- **Assignment**
In the entries that follow, the first line to write out is the one containing "据中国海事局网站消息,锦州海", and the last is the one containing "Chinese Ceramic Lang". Reproduce that stretch exactly, with nothing before or after it.

- **Records**
============
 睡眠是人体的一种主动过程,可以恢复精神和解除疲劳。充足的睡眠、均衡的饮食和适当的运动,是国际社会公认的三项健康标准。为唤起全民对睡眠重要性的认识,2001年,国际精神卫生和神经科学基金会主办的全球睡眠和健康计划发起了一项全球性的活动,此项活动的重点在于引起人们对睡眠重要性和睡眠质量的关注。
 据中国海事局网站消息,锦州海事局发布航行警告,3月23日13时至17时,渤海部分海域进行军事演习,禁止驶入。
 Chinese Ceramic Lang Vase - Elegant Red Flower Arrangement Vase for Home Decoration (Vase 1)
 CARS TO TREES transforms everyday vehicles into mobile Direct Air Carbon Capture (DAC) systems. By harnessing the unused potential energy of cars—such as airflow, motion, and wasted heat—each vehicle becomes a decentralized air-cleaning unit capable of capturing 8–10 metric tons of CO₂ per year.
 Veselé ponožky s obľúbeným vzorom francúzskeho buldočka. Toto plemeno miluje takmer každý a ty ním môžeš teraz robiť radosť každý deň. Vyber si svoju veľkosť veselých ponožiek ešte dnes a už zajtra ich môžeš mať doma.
============
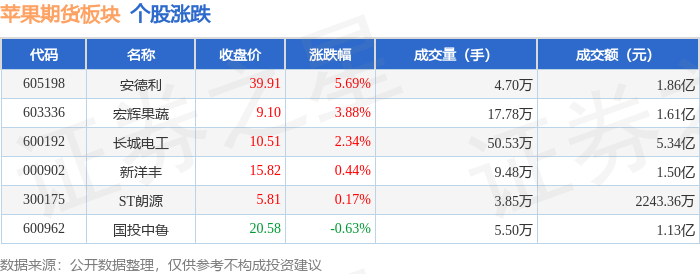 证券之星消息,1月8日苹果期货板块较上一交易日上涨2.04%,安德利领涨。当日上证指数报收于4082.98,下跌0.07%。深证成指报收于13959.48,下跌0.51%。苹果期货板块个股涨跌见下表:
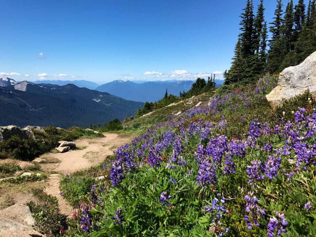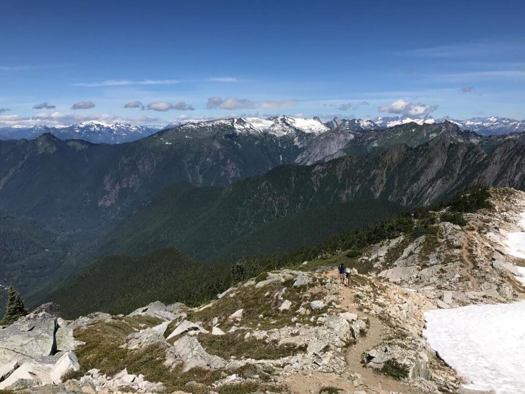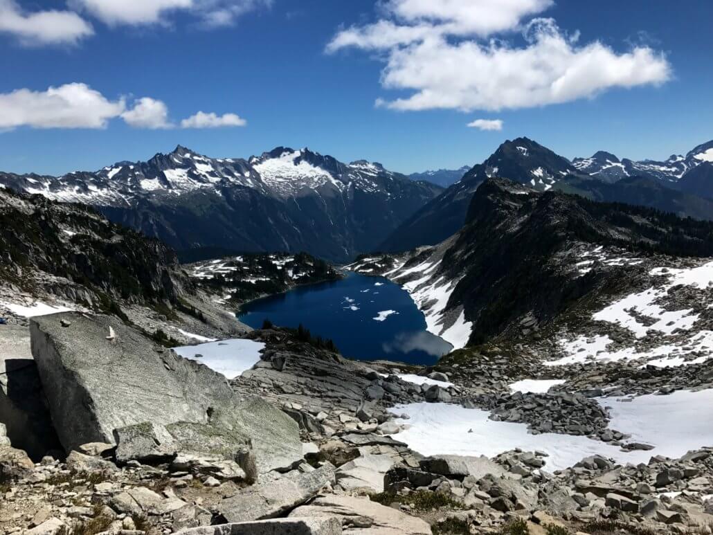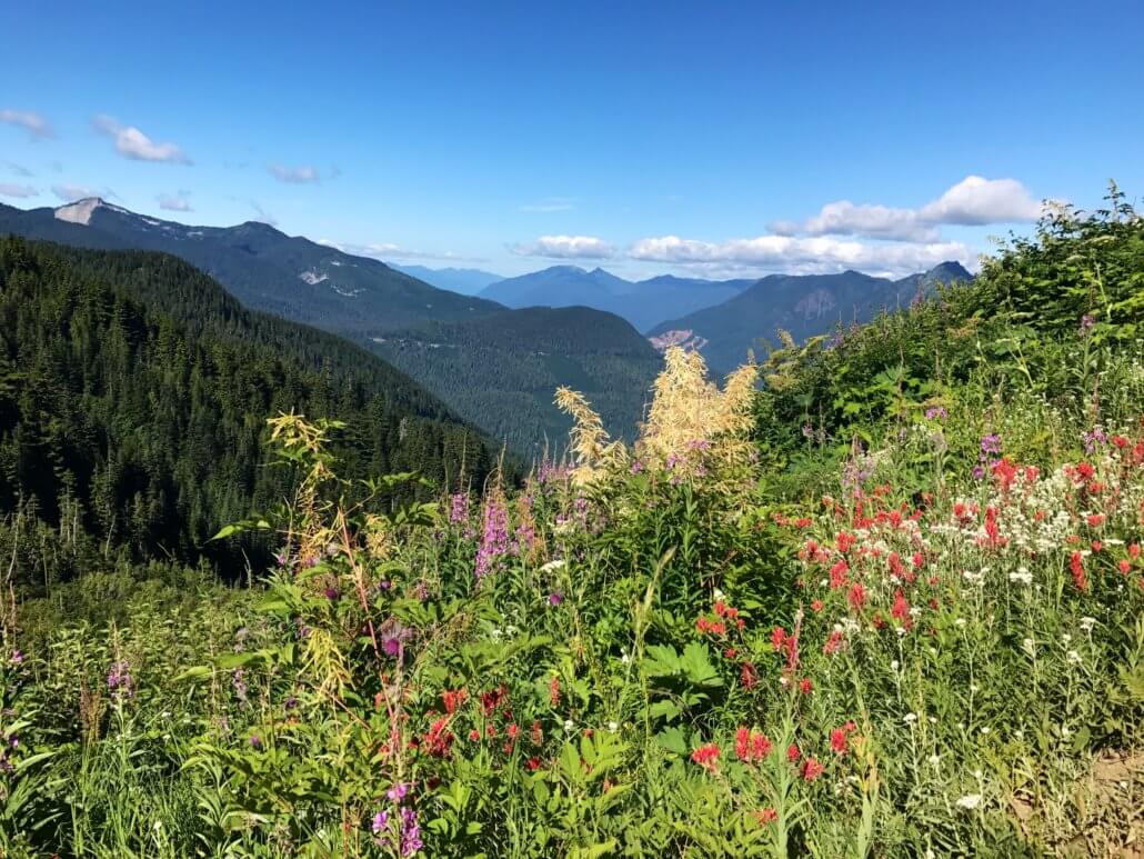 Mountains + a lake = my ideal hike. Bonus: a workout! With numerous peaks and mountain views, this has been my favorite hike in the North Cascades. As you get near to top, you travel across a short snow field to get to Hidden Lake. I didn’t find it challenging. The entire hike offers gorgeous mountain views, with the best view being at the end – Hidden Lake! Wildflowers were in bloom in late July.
============
- **Answer to this problem**
 据中国海事局网站消息,锦州海事局发布航行警告,3月23日13时至17时,渤海部分海域进行军事演习,禁止驶入。
 Chinese Ceramic Lang Vase - Elegant Red Flower Arrangement Vase for Home Decoration (Vase 1)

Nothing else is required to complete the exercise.